Question

If a function given as \[f\left( x \right)={{2}^{x}}\], then \[f\left( 0 \right),f\left( 1 \right),f\left( 2 \right),.....\] are in?
A. AP
B. GP
C. HP
D. Arbitrary

Answer 1

Hint: We will first start by using the fact that if \[f\left( x \right)={{2}^{x}}\] then \[f\left( 0 \right)={{2}^{0}}\]. Then we will similarly find the value of the first few terms of the series.
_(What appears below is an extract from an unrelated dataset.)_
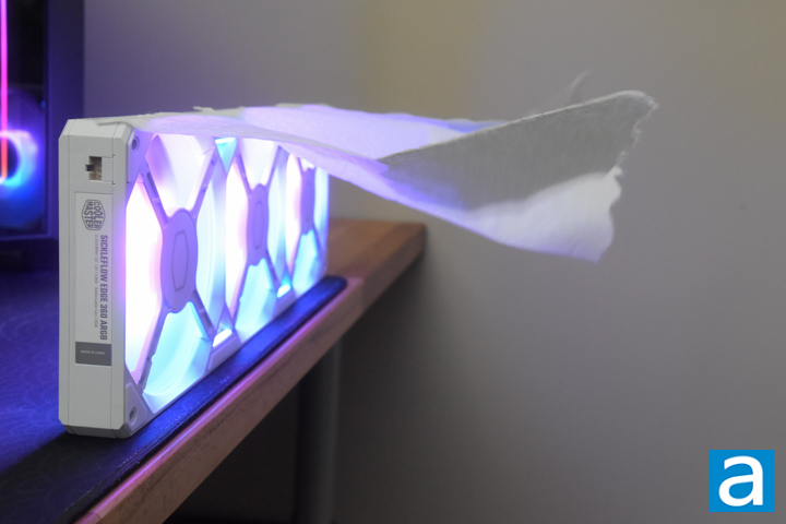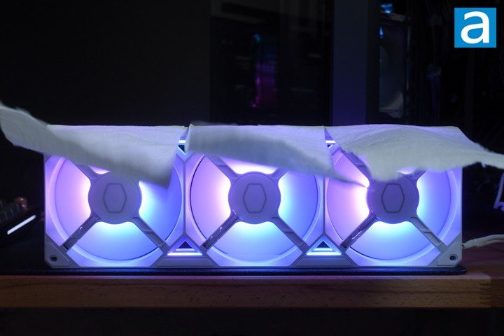 In the photos above, the fans are operated at their maximum speed. For all three fans in the unit, the paper was blown upwards at a consistent level, indicating even airflow and power. The first section of the tissue was blown steadily, almost parallel to the ground, with both sides of the tissue being level. The second section of the tissue paper started to flap with more movement as the airflow dissipates due to distance. This could have also happened because of the airflow from neighboring fans. From my observations, the Cooler Master SickleFlow Edge 360 ARGB fan produced strong airflow and static pressure.

After this we will test the series for AP, GP and HP by finding common differences and common ratios.
Complete step-by-step answer:
Now, we have been given that \[f\left( x \right)={{2}^{x}}\]. Then we have to find the series in which terms \[f\left( 0 \right),f\left( 1 \right),f\left( 2 \right),.....\] are in.
Now, we have,
\[\begin{align}
  & f\left( 0 \right)={{2}^{0}} \\
 & f\left( 1 \right)={{2}^{1}} \\
 & f\left( 2 \right)={{2}^{2}} \\
\end{align}\]
Now, we have the difference of first two terms,
$\begin{align}
  & =f\left( 1 \right)-f\left( 0 \right) \\
 & ={{2}^{1}}-{{2}^{0}} \\
 & =1 \\
\end{align}$
The difference of next two terms,
$\begin{align}
  & =f\left( 2 \right)-f\left( 1 \right) \\
 & ={{2}^{2}}-{{2}^{1}} \\
 & =4-2 \\
 & =2 \\
\end{align}$
Now, we know that if ${{a}_{1}},{{a}_{2}},{{a}_{3}}$ are in AP then their common difference must be same i.e. ${{a}_{2}}-{{a}_{1}}={{a}_{3}}-{{a}_{2}}$ but since we have,
$f\left( 1 \right)-f\left( 0 \right)\ne f\left( 2 \right)-f\left( 1 \right)$
Hence, they are not in AP.
Now, we have the common ratio r of the first two terms as $\dfrac{f\left( 1 \right)}{f\left( 0 \right)}=\dfrac{{{2}^{1}}}{{{2}^{0}}}$.
Also, we have the ratio of next two terms as $\dfrac{f\left( 2 \right)}{f\left( 0 \right)}=\dfrac{{{2}^{2}}}{{{2}^{1}}}=2$.
Now, we know that if ${{a}_{1}},{{a}_{2}},{{a}_{3}}$ are in GP. Then their common ratio is same that is $\dfrac{{{a}_{2}}}{{{a}_{1}}}=\dfrac{{{a}_{3}}}{{{a}_{2}}}$.
Since we have,
$\dfrac{f\left( 1 \right)}{f\left( 0 \right)}=\dfrac{f\left( 2 \right)}{f\left( 0 \right)}$
There we have the term \[f\left( 0 \right),f\left( 1 \right),f\left( 2 \right),.....\] in GP.
Hence, the correct option is (B).

Note: It is important to note that all the terms in series \[f\left( 0 \right),f\left( 1 \right),f\left( 2 \right),.....f\left( n \right)\] have the common ratio as $\dfrac{f\left( n \right)}{f\left( n-1 \right)}=\dfrac{{{2}^{n}}}{{{2}^{n-1}}}=2$ which is constant in spite of the value of n. Therefore, we have the series as GP. Also, since we have found the series as GP we have not further tested it for HP.